■ **DATA SUPPLIED**
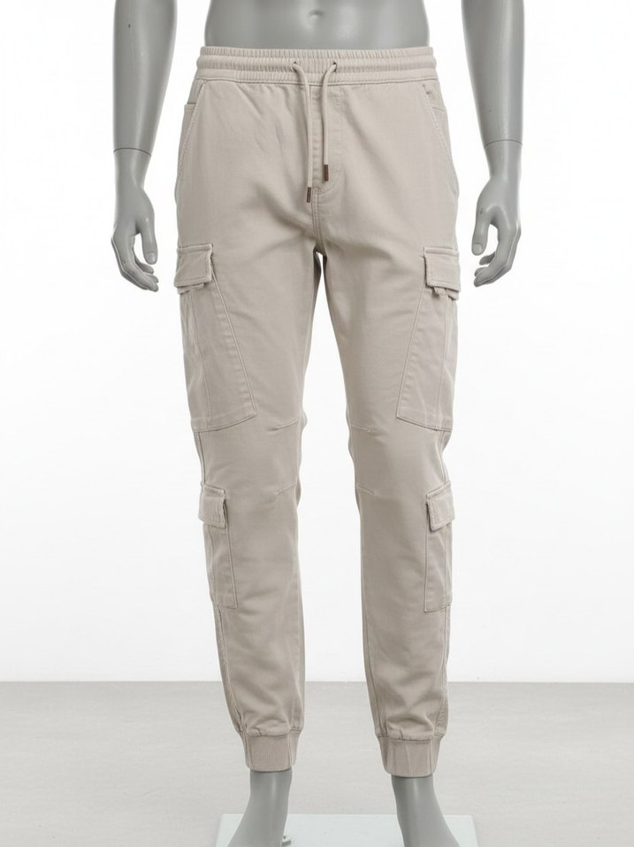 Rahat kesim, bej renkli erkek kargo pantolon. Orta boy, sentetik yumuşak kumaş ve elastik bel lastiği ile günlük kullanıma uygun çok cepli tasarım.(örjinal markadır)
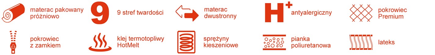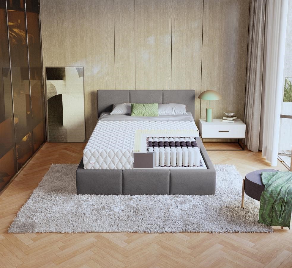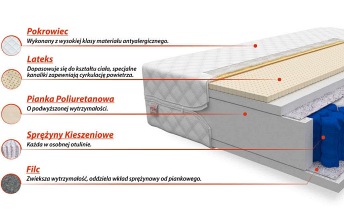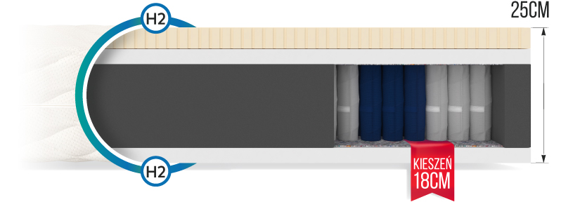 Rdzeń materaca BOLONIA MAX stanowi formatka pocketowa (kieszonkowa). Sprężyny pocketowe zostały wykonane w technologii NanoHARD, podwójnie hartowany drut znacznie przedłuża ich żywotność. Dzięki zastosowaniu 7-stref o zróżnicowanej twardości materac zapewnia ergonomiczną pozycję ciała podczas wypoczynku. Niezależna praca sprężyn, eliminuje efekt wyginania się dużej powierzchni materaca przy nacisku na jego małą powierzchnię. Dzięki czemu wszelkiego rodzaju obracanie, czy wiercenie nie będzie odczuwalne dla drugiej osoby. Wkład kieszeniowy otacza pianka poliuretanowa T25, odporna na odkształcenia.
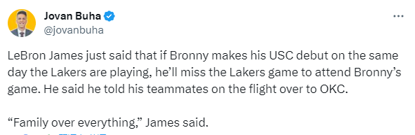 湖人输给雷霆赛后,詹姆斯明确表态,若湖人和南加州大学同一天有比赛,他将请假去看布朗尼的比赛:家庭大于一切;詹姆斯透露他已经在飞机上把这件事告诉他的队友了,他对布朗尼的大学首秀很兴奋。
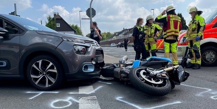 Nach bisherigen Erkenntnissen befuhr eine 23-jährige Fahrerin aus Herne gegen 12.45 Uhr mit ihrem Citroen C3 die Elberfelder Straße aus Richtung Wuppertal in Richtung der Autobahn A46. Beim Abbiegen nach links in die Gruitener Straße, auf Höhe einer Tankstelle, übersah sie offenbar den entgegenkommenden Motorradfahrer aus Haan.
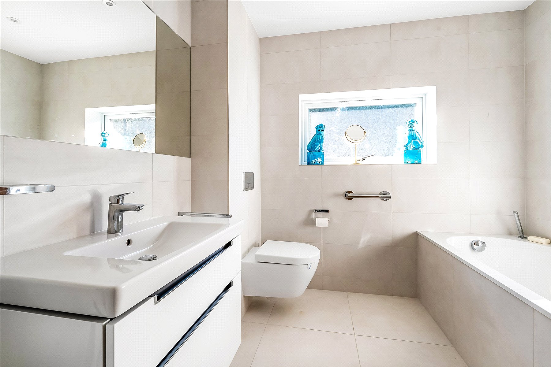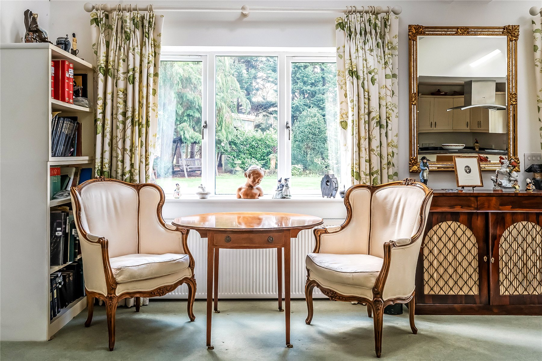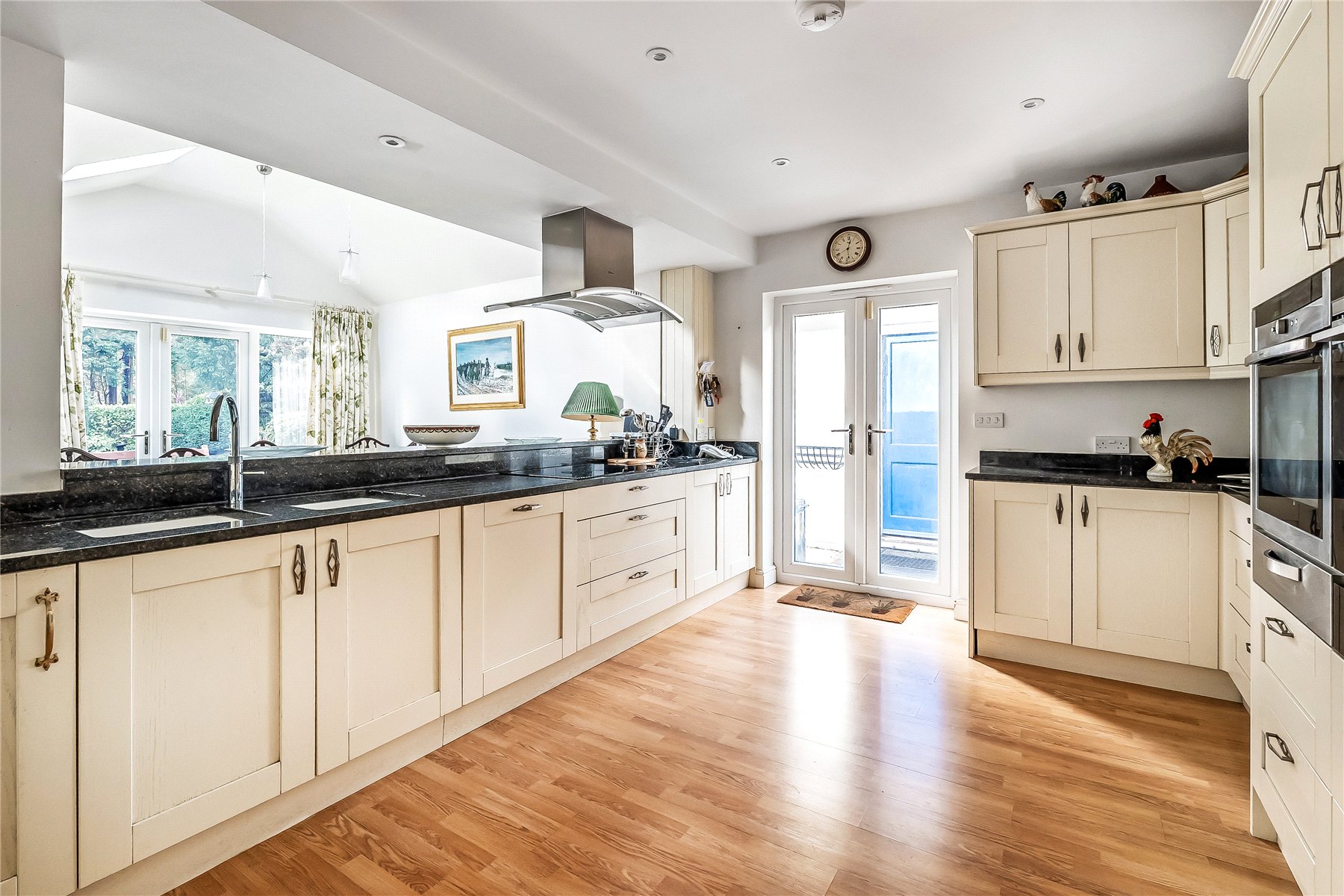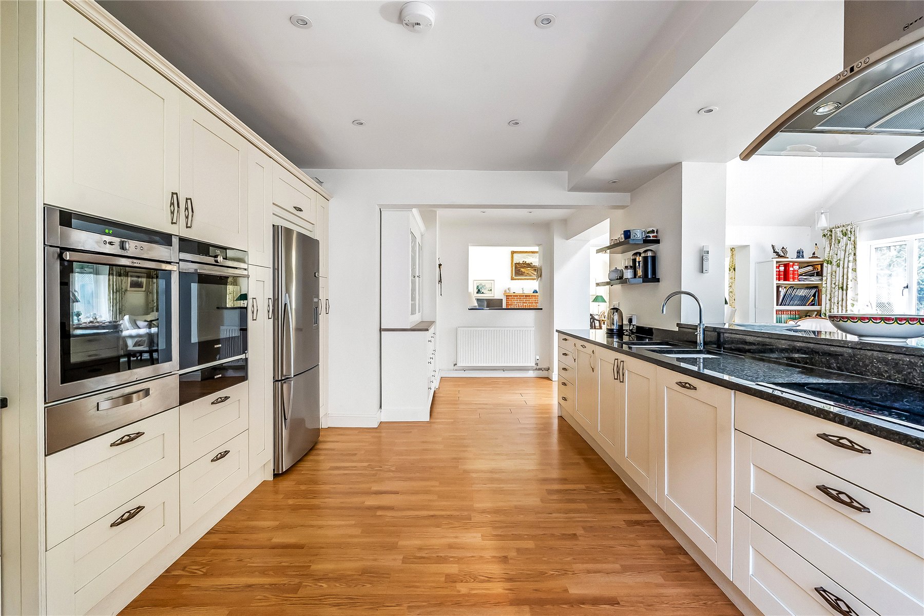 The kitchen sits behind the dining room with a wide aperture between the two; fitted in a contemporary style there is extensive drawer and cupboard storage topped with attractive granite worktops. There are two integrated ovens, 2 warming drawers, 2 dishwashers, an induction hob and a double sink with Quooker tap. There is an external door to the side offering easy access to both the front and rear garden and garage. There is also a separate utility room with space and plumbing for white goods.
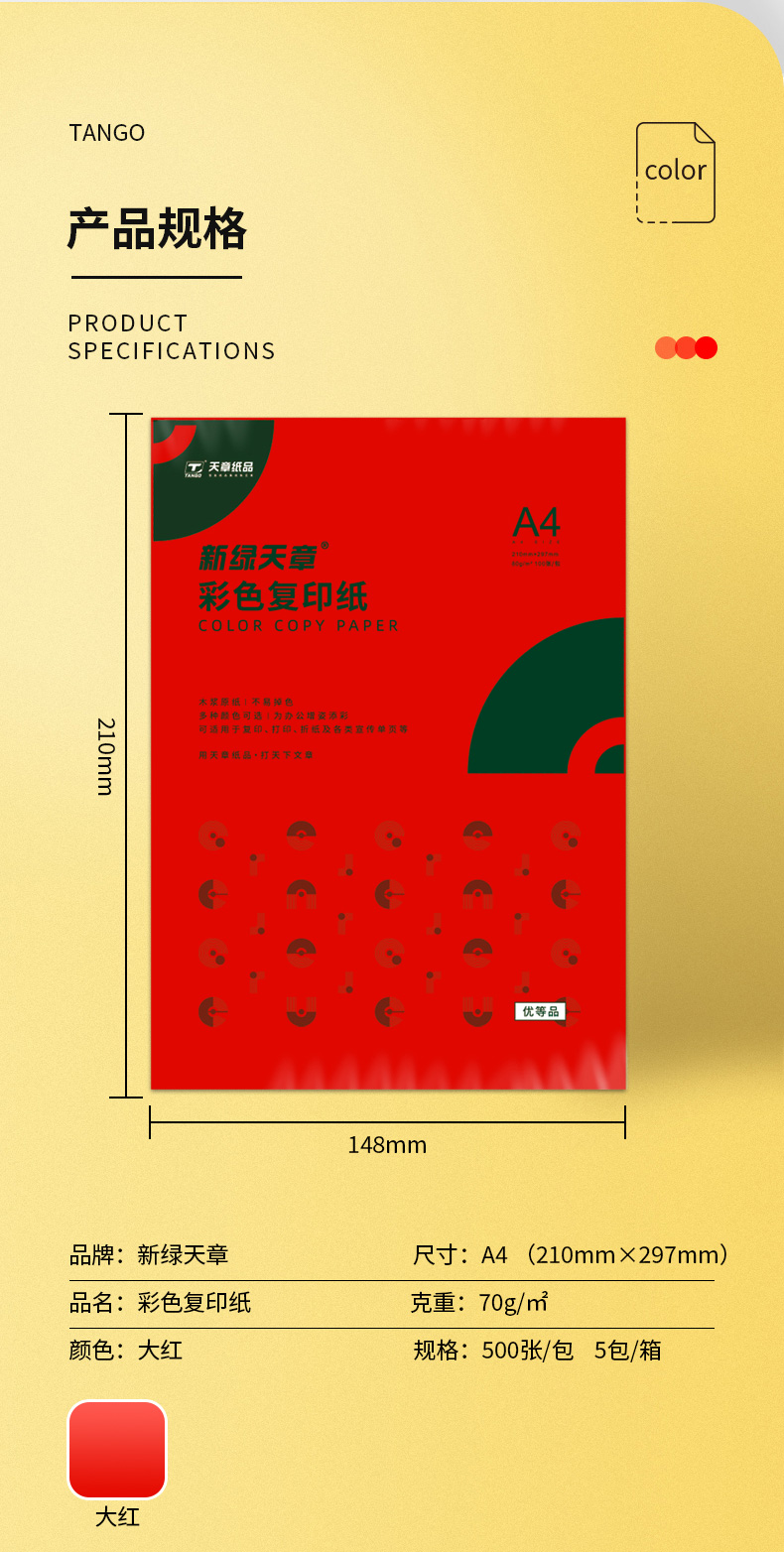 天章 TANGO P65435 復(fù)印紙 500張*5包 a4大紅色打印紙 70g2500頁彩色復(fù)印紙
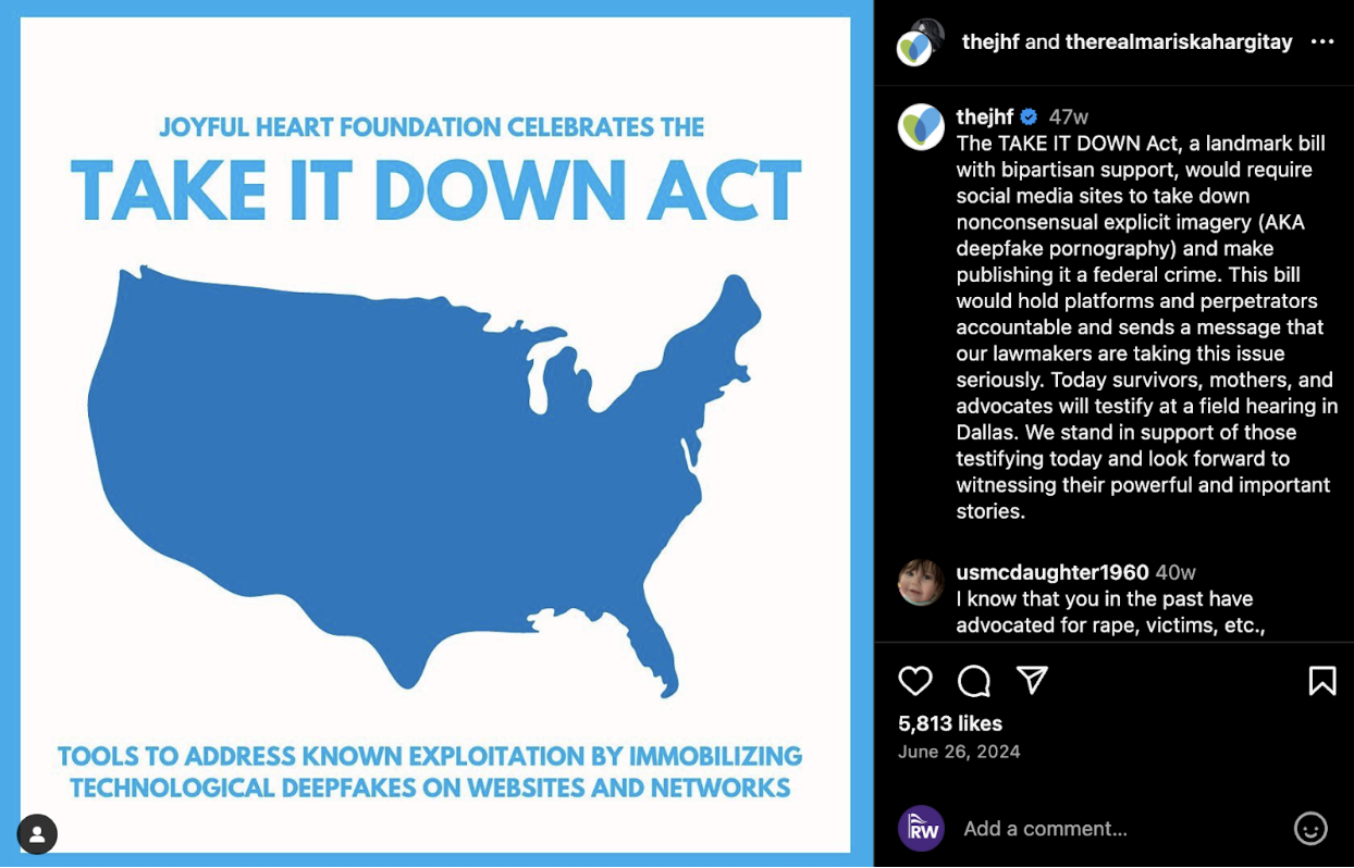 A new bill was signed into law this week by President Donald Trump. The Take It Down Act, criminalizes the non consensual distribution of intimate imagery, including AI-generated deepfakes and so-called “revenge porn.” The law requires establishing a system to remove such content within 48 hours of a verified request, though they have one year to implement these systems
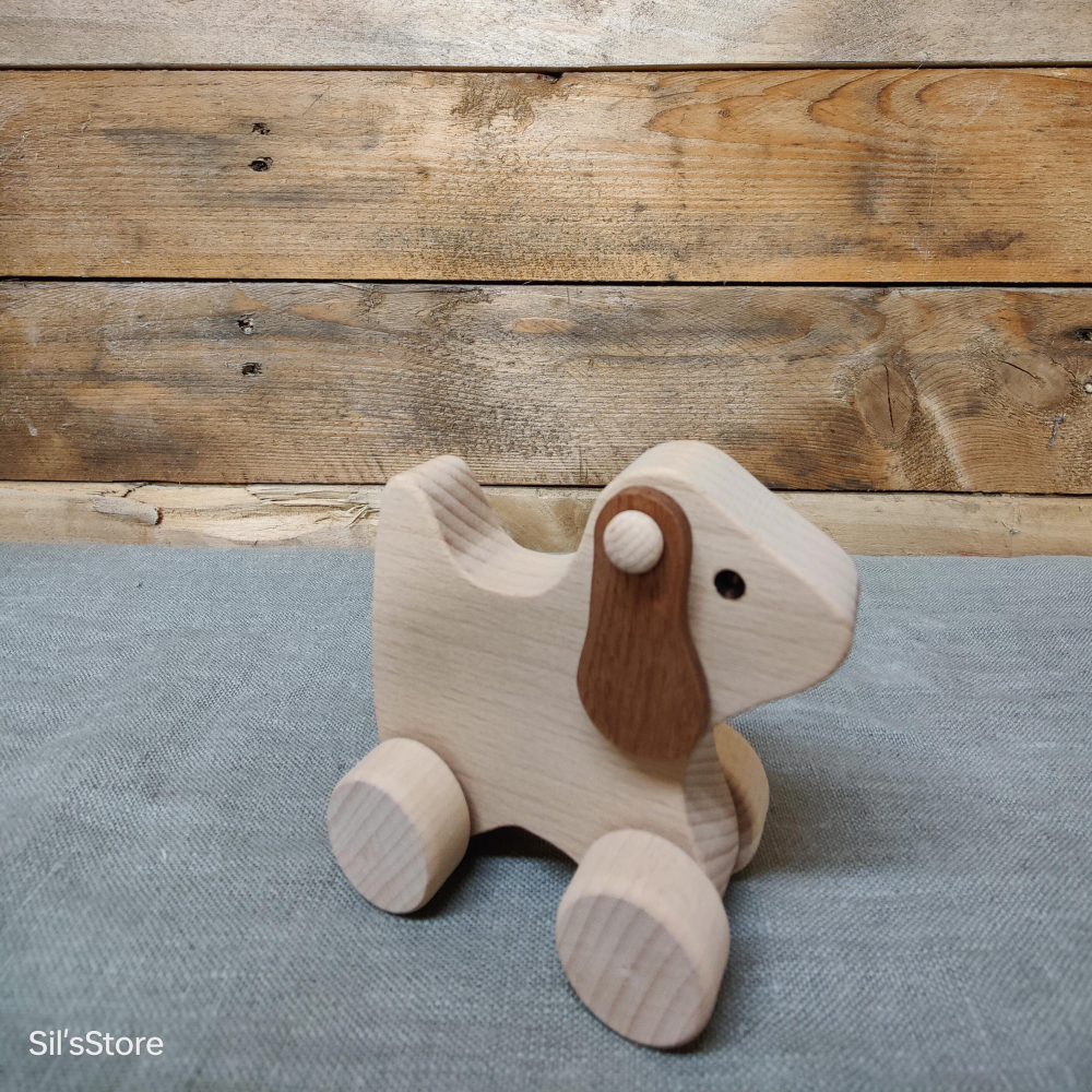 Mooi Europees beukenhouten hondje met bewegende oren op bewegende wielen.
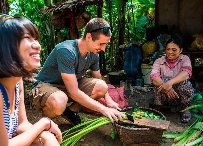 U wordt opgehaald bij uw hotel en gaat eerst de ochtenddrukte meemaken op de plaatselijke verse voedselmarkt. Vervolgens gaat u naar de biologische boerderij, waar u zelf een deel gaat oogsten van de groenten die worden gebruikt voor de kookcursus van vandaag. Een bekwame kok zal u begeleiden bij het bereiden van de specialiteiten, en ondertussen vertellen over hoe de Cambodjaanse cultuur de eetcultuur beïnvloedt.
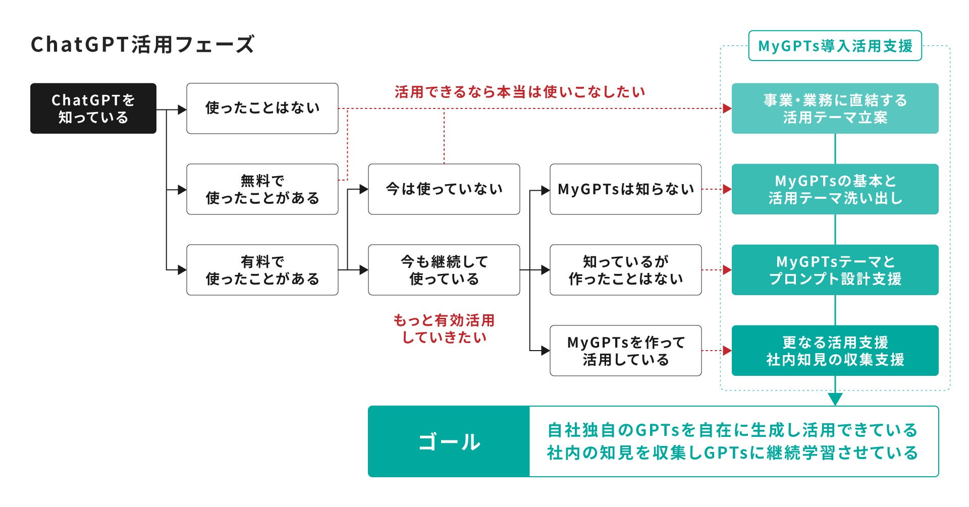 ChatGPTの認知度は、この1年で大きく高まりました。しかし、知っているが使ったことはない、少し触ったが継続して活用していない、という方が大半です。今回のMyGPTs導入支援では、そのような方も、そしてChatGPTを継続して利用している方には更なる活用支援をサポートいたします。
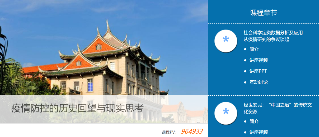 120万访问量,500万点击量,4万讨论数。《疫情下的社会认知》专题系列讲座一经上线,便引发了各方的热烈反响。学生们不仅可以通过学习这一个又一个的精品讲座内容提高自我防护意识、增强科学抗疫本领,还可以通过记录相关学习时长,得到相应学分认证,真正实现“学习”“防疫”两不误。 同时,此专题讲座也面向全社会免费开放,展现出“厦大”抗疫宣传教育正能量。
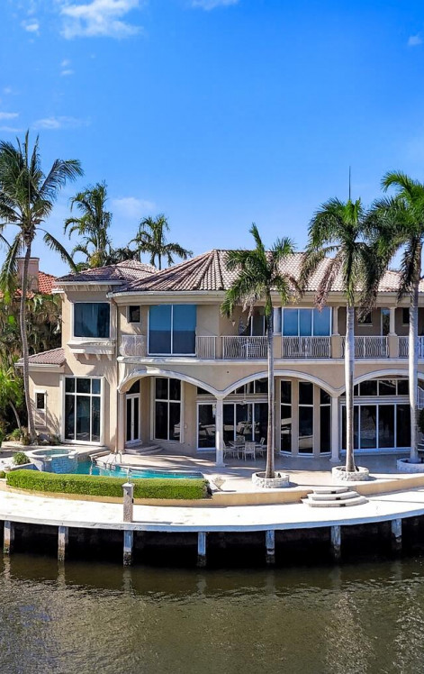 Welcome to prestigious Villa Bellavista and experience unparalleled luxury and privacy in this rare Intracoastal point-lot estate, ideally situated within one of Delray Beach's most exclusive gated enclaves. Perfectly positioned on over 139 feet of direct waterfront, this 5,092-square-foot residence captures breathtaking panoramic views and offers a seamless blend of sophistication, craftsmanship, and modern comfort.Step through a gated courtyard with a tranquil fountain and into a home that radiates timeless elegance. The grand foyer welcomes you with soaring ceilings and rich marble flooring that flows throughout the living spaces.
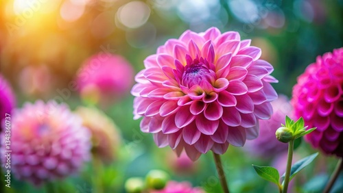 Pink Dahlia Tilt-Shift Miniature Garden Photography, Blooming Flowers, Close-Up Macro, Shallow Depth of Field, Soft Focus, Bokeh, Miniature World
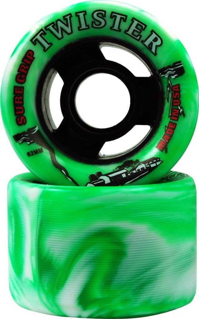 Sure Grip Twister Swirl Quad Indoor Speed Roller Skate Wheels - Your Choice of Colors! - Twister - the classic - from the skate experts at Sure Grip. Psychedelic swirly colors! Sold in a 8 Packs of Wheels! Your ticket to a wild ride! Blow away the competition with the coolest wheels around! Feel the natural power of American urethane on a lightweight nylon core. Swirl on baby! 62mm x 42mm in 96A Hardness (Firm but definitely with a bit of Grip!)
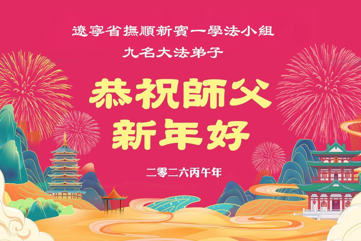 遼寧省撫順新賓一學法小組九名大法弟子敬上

■ **ASSIGNMENT**
Return only the lines from the one that contains "120万访问量,500万点击" through the closing line of the data, inclusive, reproduced exactly and with every picture left out.

■ **ANSWER SECTION**
 120万访问量,500万点击量,4万讨论数。《疫情下的社会认知》专题系列讲座一经上线,便引发了各方的热烈反响。学生们不仅可以通过学习这一个又一个的精品讲座内容提高自我防护意识、增强科学抗疫本领,还可以通过记录相关学习时长,得到相应学分认证,真正实现“学习”“防疫”两不误。 同时,此专题讲座也面向全社会免费开放,展现出“厦大”抗疫宣传教育正能量。
 Welcome to prestigious Villa Bellavista and experience unparalleled luxury and privacy in this rare Intracoastal point-lot estate, ideally situated within one of Delray Beach's most exclusive gated enclaves. Perfectly positioned on over 139 feet of direct waterfront, this 5,092-square-foot residence captures breathtaking panoramic views and offers a seamless blend of sophistication, craftsmanship, and modern comfort.Step through a gated courtyard with a tranquil fountain and into a home that radiates timeless elegance. The grand foyer welcomes you with soaring ceilings and rich marble flooring that flows throughout the living spaces.
 Pink Dahlia Tilt-Shift Miniature Garden Photography, Blooming Flowers, Close-Up Macro, Shallow Depth of Field, Soft Focus, Bokeh, Miniature World
 Sure Grip Twister Swirl Quad Indoor Speed Roller Skate Wheels - Your Choice of Colors! - Twister - the classic - from the skate experts at Sure Grip. Psychedelic swirly colors! Sold in a 8 Packs of Wheels! Your ticket to a wild ride! Blow away the competition with the coolest wheels around! Feel the natural power of American urethane on a lightweight nylon core. Swirl on baby! 62mm x 42mm in 96A Hardness (Firm but definitely with a bit of Grip!)
 遼寧省撫順新賓一學法小組九名大法弟子敬上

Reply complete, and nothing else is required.